The quantities that can be easily measured during operation of most battery packs are: voltage, current, time, and temperature. Therefore, methods of estimating SOC usually take advantage of these inputs.
In some battery chemistries, e.g., lead-acid or lithium-ion batteries employing metal-oxide positive electrode materials, the voltage vs. capacity curve is not flat; that is, the voltage changes with respect to a change of capacity. These batteries therefore have a correlative relationship between voltage and capacity so that measurement of the battery voltage gives an approximation of the battery state-of-charge. Many SOC algorithms therefore use some voltage-based method to estimate SOC or to re-calibrate the SOC estimation. This, however, generally requires the battery chemistry to exhibit significant changes in open-circuit voltage with SOC, since that allows the SOC to be estimated based on the voltage change. A battery that exhibits a significant variation in impedance with SOC can also use the voltage change during a current pulse to determine SOC. Temperature is usually taken into account, as the impedance and open circuit voltage (OCV) may be a function of temperature.
The effectiveness of voltage-based methods is dependent upon there being some variation in voltage with capacity. Voltage or impedance-based algorithms are more difficult to implement in battery chemistries that demonstrate little or no change in impedance or OCV over a large range of SOC, and large errors in the SOC estimation may result. One example is a battery having a lithium iron phosphate positive electrode and a graphite negative electrode, because the voltage profiles of both the positive and negative electrodes are relatively flat so that only small changes in voltages are demonstrated over a wide capacity range.

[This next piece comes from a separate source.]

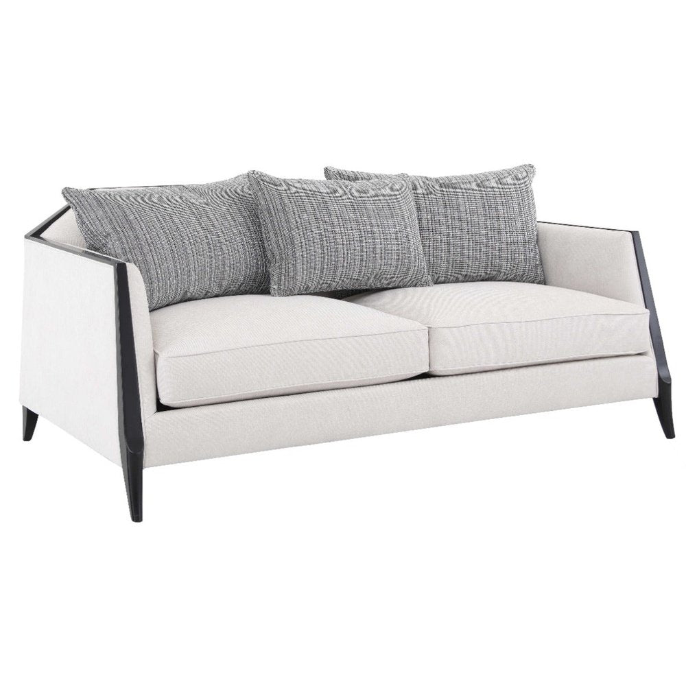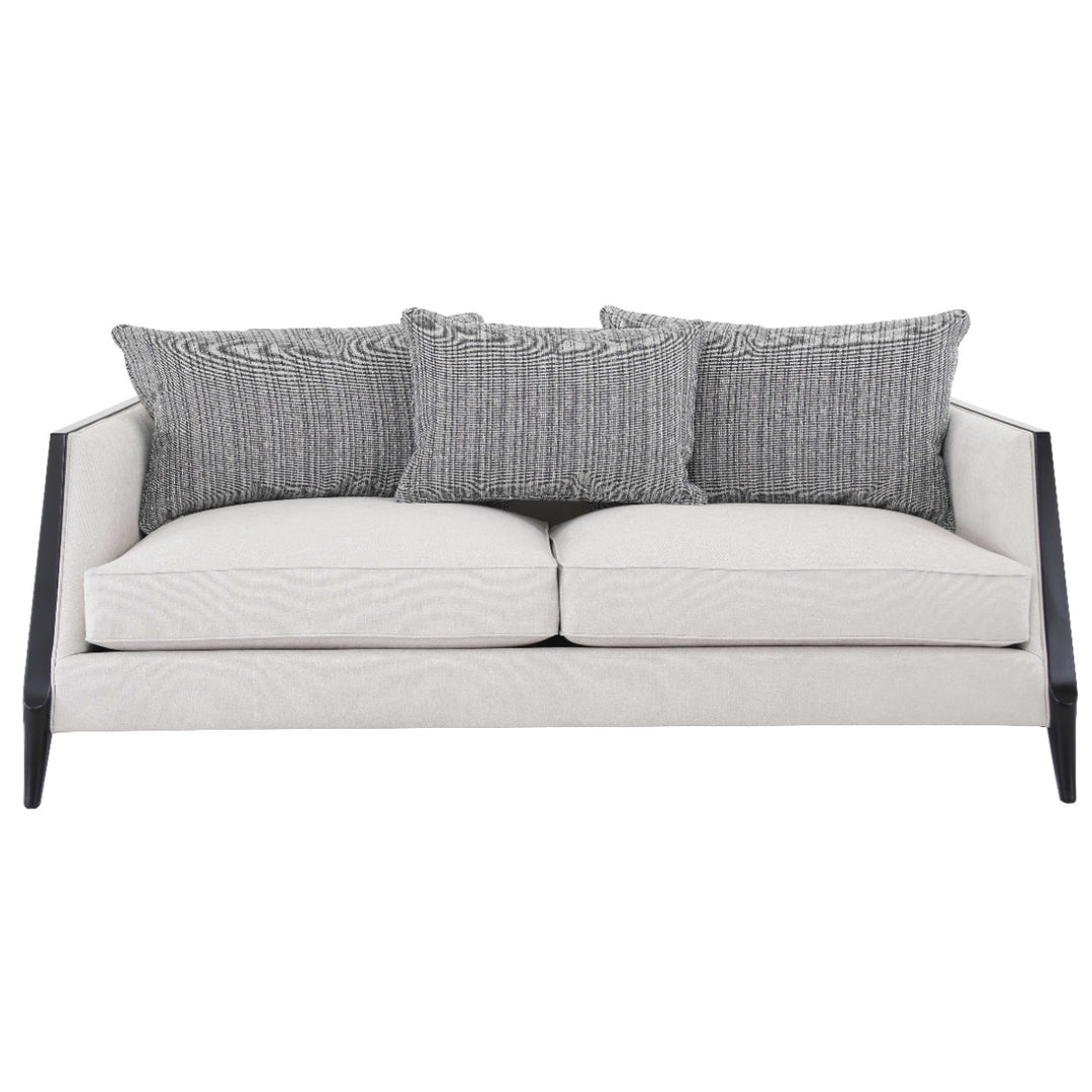 Statement-making from every angle, this modern sofa features a striking silhouette, distinctly defined by continuous clean lines and a slim wood frame. Tailored to perfection, its smooth upholstered back and welted seat cushions offer soft contrast to its Black Saddle finish. Poised on French cabriole-inspired legs, it offers sophistication, with cloud-like comfort. Accent pillows add depth and warm texture. Style with a pair of matching Outline chairs. Body: Finesse ChalkPillows: 2748-91CCSlim wood frame. Loose seat cushions. Tight back.

Voltage-based methods are also subject to errors introduced by hysteresis. Hysteresis includes variations in the voltage vs. capacity or impedance characteristics of the battery that depend on its preceding charge or discharge history. For example, the voltage exhibited by the battery at a given fixed SOC may depend on whether the battery was last subjected to a charging or discharging event. The variation in voltage or impedance at given SOC can also depend on the rate of preceding charge or discharge events, the time elapsed reaching said SOC, and temperature. Lithium iron phosphate exhibits hysteresis during charge and discharge so that the recent history of the cell affects the voltage. Thus, the voltage measurement of a lithium iron phosphate cell does not provide a precise and accurate correlation to the battery capacity.

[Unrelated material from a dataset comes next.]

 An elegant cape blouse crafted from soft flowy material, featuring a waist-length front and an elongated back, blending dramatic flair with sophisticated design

Coulomb counting is another commonly-used method of monitoring SOC, in which the current is integrated over time to determine how many amp-hours have been charged or discharged. The problem with coulomb counting, however, is that SOC estimation relies on accurate measurements at high and low current, as well as frequent data sampling. The hardware used for accurate SOC estimation is expensive, and coulomb counting alone can lead to errors which may accumulate over time. In order to reduce the accumulated errors, most SOC estimations also use methods of periodically re-calibrating the SOC estimate. Thus there is a need for simpler and more accurate methods of monitoring the SOC of batteries, and using less expensive equipment that can lower the overall cost of the system that is being powered.